Caroline Ward, a postdoctoral researcher of conservation science at the University of York, studied similar folk beliefs in other parts of the world, and their outcome is not always predictable. “We still need to be cautious about embracing these sorts of beliefs specifically for conservation outcomes,” Ward says. From a practical point of view, she says, these beliefs are not necessarily established with a conservation outcome in mind. There may be unexpected outcomes or parts of the belief system that don’t align with conservation goals.
Mature balete trees are thought to be often inhabited by the taglugar spirits according to mariit beliefs; but this does not always help their conservation (Credit: Alamy)
Trees are one example. Since mariit is attributed mainly to select giant and old trees, the trees are sometimes cut down while they are young.
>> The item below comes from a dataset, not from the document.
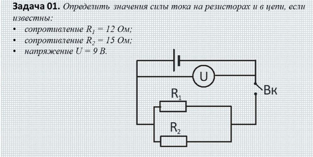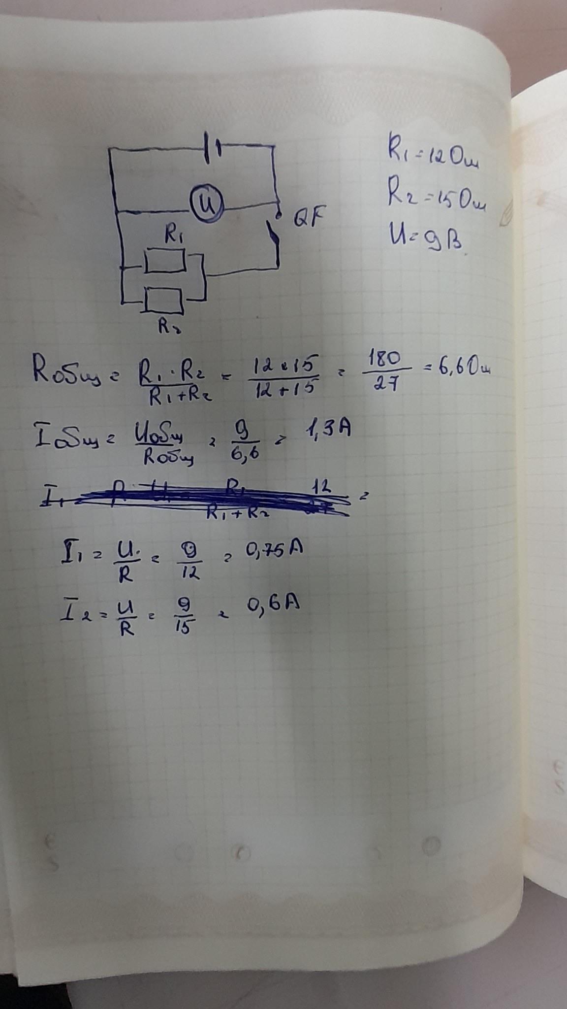 определить значение силы тока в резисторах если известны:сопротивление-r1-12 ом сопротивление:r2-15 ом напряжение:u-9 в
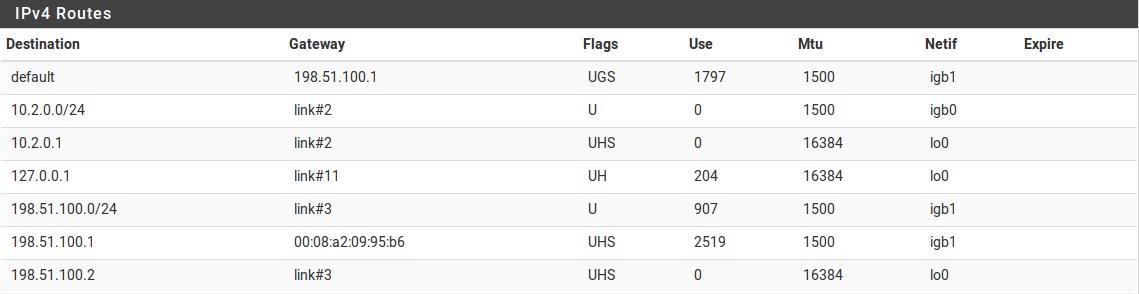 # netstat -rWn Routing tables Internet: Destination Gateway Flags Use Mtu Netif Expire default 198.51.100.1 UGS 1822 1500 igb1 10.2.0.0/24 link#2 U 0 1500 igb0 10.2.0.1 link#2 UHS 0 16384 lo0 127.0.0.1 link#11 UH 204 16384 lo0 198.51.100.0/24 link#3 U 1181 1500 igb1 198.51.100.1 00:08:a2:09:95:b6 UHS 2789 1500 igb1 198.51.100.2 link#3 UHS 0 16384 lo0

For example, balete trees are often uprooted from their natural habitat while young to be grown as a bonsai plant, while young mangroves are cut to serve as firewood.
“It’s better to cut these trees while they are young,” Otik Facinabao*, a local community member in Baybay Roxas told me. “You can’t do it when they are already big. It’s hard, and it might be late too because the spirits may already inhabit them.”
In Ward’s research, she and her colleagues recognise that while beliefs such as mariit can have a positive impact, sometimes they can undermine science-based conservation activities. More importantly, Ward says, there is also a large ethical and moral question whether it is right for conservation to pick and choose parts of belief systems that have a positive conservation impact and ignore others.
And even when they don’t backfire, sometimes belief in mariit is not enough to protect a natural area. The Jalaur River in Calinog has been dammed despite the resistance from the Panay Bukidnon, an indigenous community in the region. The dam is expected to put nine indigenous communities at risk and destroy five burial grounds and one sacred site. The Panay Bukidnon strongly condemned the damming of the river. “That river is mariit,” says Conrad Cali*, a Panay Bukidnon. “This development is not inclusive. We have been marginalised. This is a disrespect of our culture.”
To someone who has grown up with the stories that surround mariit places, acknowledging the spirits that occupy woods, oceans and the earth is just another part of life. But you don’t have to believe in the taglugar to appreciate the core beliefs innate to the Philippines’ indigenous communities: that nature is something to be respected, and we fail to do so at our own risk.
* Names have been changed to protect the identities of these contributors.